**Data provided:**
........

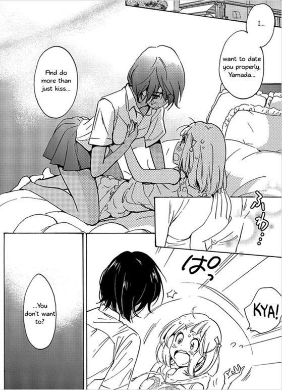 As one of the main characters of the story, the drastic difference between their sexual maturity felt inauthentic. The story shows them overcoming a lot of other relationship hurdles and I absolutely believe it is true to Kase’s character to be patient and not pushy. I don’t believe, however, that if Yamada had asked Kase to actually explain what she meant that Kase wouldn’t have been able to. There is a scene (pictured above from volume three) where Kase is about to show Yamada what she means, but then they are interrupted and it isn’t brought up again through the end of volume four. I know eventually they figure it out (thanks internet spoilers), but as of volume four in the series, Kase and Yamada have yet to figure out their relationship past kissing and the occasional over the clothing touches without there being believable interruptions to keep them apart in most instances. It simply goes back to sexual maturity disparity between the two.
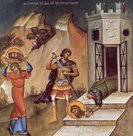 La un mare ospat, cu mancaruri grase, cu vinuri si bauturi aromate, cu dansuri si alte desfatari, Salomeea, fiica Irodiadei, a castigat inima regelui, care i-a zis ca ii va da orice ii va cere, pana la o jumatate din imparatia sa. Fata fara minte a intrebat-o pe mama ei ce sa care, iar aceea, din pizma si ura, a cerut Capul Sfantului Ioan Botezatorul. Nebunul rege a ascultat pe fata, poruncind taierea capului sfantului, in inchisoare. Capul Sfantului Ioan a fost adus pe o tipsie (tava) si dat fetei, care l-a dat mamei sale.
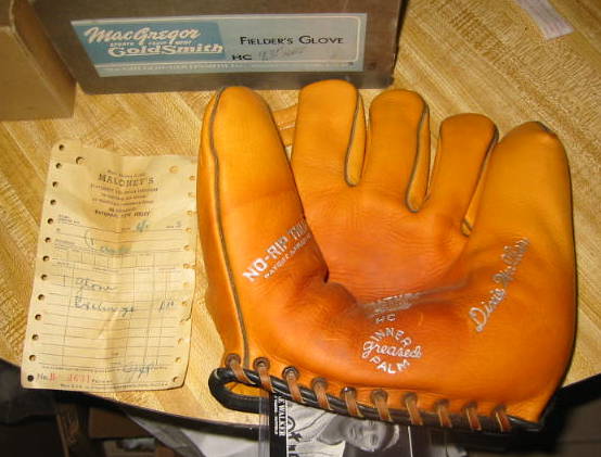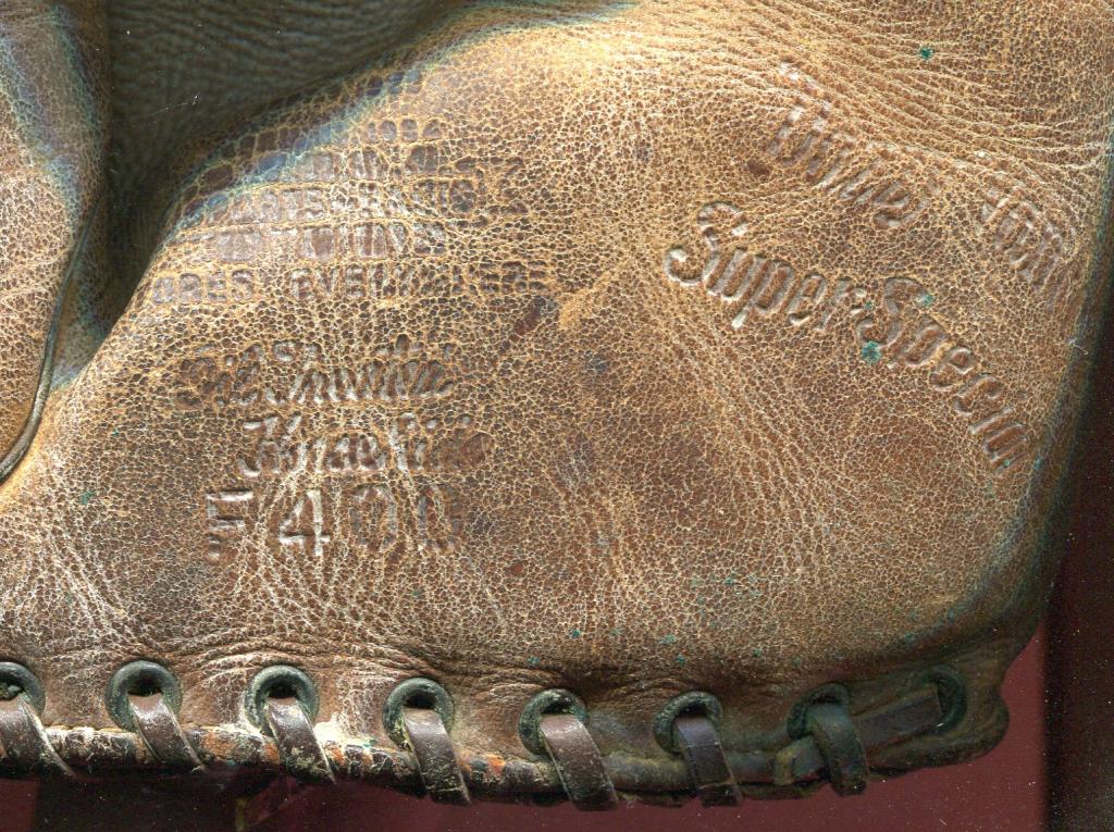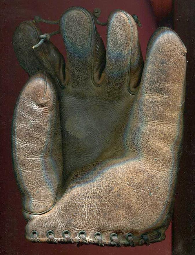 Third is a TOC mitt with an intricate buckle web and early patented heel lacing. Looks to be in great condition. It sold for $340 on ebay

........

**Brief:** Starting from the line where "La un mare ospat, cu" appears, copy every line through the end of the material, both ends included, but no pictures.

**Output of the task:**
 La un mare ospat, cu mancaruri grase, cu vinuri si bauturi aromate, cu dansuri si alte desfatari, Salomeea, fiica Irodiadei, a castigat inima regelui, care i-a zis ca ii va da orice ii va cere, pana la o jumatate din imparatia sa. Fata fara minte a intrebat-o pe mama ei ce sa care, iar aceea, din pizma si ura, a cerut Capul Sfantului Ioan Botezatorul. Nebunul rege a ascultat pe fata, poruncind taierea capului sfantului, in inchisoare. Capul Sfantului Ioan a fost adus pe o tipsie (tava) si dat fetei, care l-a dat mamei sale.
 Third is a TOC mitt with an intricate buckle web and early patented heel lacing. Looks to be in great condition. It sold for $340 on ebay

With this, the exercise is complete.